Wherein, the lamination modification process of the molecular equivalent on the surface of the particle comprises the following steps: after the dispersion and compounding process of the micro-nano powder is controlled by the shear strength, the shear strength is reduced to (120-40000) s^-1To (c) to (d); adding a modifier and controlling the temperature of the slurry at (A) under normal pressure in the reactorStirring or dispersing the modifier and the powder for 2.75 hours by means of a stator and a rotor within the temperature range of 25-66); in a 100ml measuring cylinder with a plug (a miniature glass reactor), the powder sedimentation volume in the slurry is taken as the ordinate, the modifier addition amount is taken as the abscissa, and a wave linear curve is formed by drawing connection; and taking the addition amount of the modifier corresponding to the first valley as the modification addition amount of the monolayer so as to control the equivalent modification of 1: 1 between the functional groups on the surface of the particle and the functional groups of the modifier.
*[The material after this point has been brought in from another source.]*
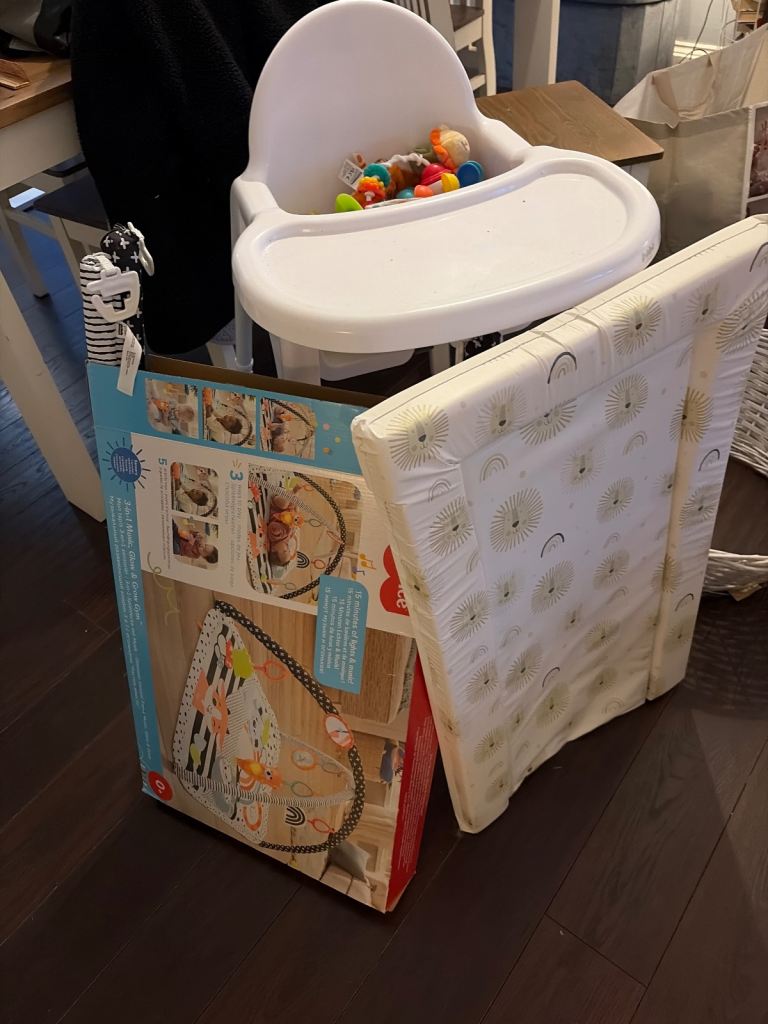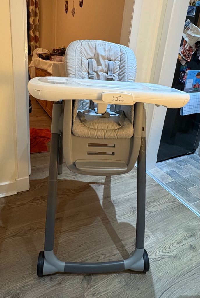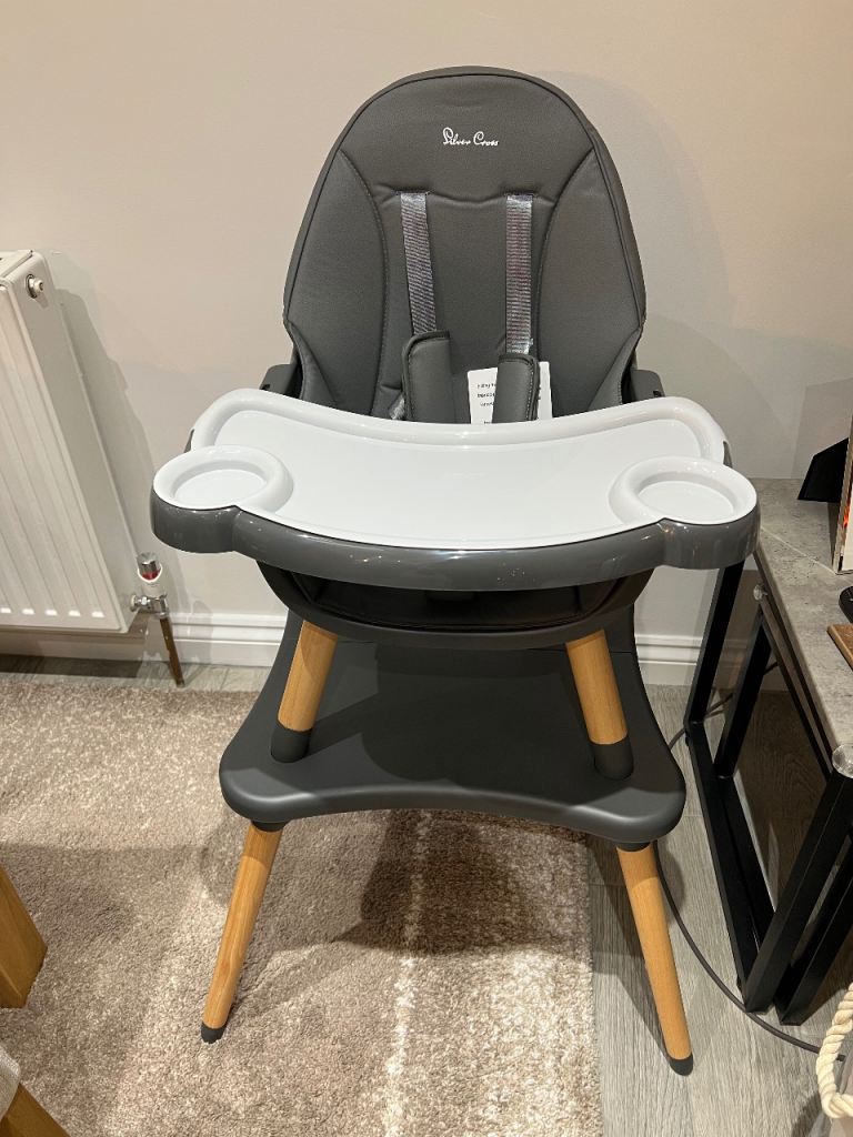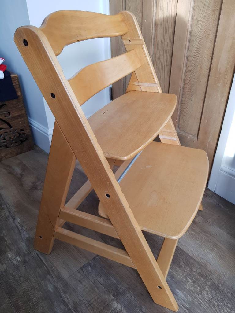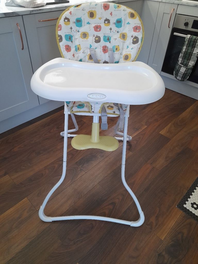 Hauck high chair for sale as child has outgrown it now. It has been used for 6 years, so lots of stains and few stuborn stickers as shown in pictures, but still sturdy, working very well and full of life left.

Wherein, the fluid medium replacement process comprises the following steps: adding liquid or fluid high molecular polymer into the micro-nano slurry after the lamination modification procedure of the particle surface molecular equivalent; closing a gate valve entering and exiting an inner cavity of the reactor, keeping a vacuum pipeline to be communicated and closed, heating to 80-160 ℃, controlling the pressure in the reactor within the range of (0-minus 0.1) MPa to gradually improve the vacuum degree in a grading manner in order to prevent bumping, accumulating and stirring for 2.0h when the pressure corresponding to the vacuum degree is within the range of (-0.08-minus 0.1) MPa, continuously maintaining the pressure corresponding to the vacuum degree within the range of (-0.05-minus 0.1) MPa while stirring and cooling to below 60 ℃, stopping stirring at first and finally relieving the vacuum degree (or recovering the normal pressure); the pressure is a gauge pressure.

Wherein the reactor adopts a planetary stirrer and a kneader; the reactor is made of 304 stainless steel and is provided with a heat-conducting oil circulation constant-temperature device.

Wherein, rotor and stator adopt two kinds of structures of pectination and blade form: the comb shape is shown in figure 1, the distance between a rotor 1.1 and a stator 1.2 is 1.0mm, the distance between comb teeth is 3mm, the width of the comb teeth is 3mm, the length of the comb teeth is 15mm, and the comb rotor and the stator are made of zirconia ceramics; the blade-shaped stator and the rotor are shown in figure 2, the rotating shaft is 2.1, the blades are 2.2, and the minimum distance between the blades between different shafts is 0.3 mm; the number of each rotating shaft 2.1 blade reaches 6, all rotating shafts simultaneously rotate clockwise or anticlockwise in work, and the blades 2.2 are made of hard tool steel-infiltrated titanium nitride.

Fourthly, the step of mixing the raw materials,thermal conductivity test

The thermal coefficients for the six examples were measured using a thermal conductivity tester model DRL-V, performed according to standard ASTM 5470, and the results are shown in Table 3.

Table 1 table of formulation design for six examples

Table 2 preparation of six examples

TABLE 2 preparation of six examples

Table 3 test results of six examples

The manufacturing method of the insulating ultrahigh heat-conducting composite material has the following beneficial technical effects:

comparing the first embodiment with the fifth embodiment, it can be seen that the thermal conductivity coefficients of the equal thermal interface materials prepared by using different rotors and stators are significantly different, and the first embodiment is superior to the fifth embodiment.

Comparing the first phase, the second phase and the third phase, it can be seen that when the addition amount of the powder is the same, the thermal conductivity of the five-level powder is greater than that of the four-level powder and greater than that of the three-level powder.

Comparing the first embodiment with the sixth embodiment, it can be seen that the heat conductivity coefficient of the fluid medium replacement process is better than that of the wet modification process.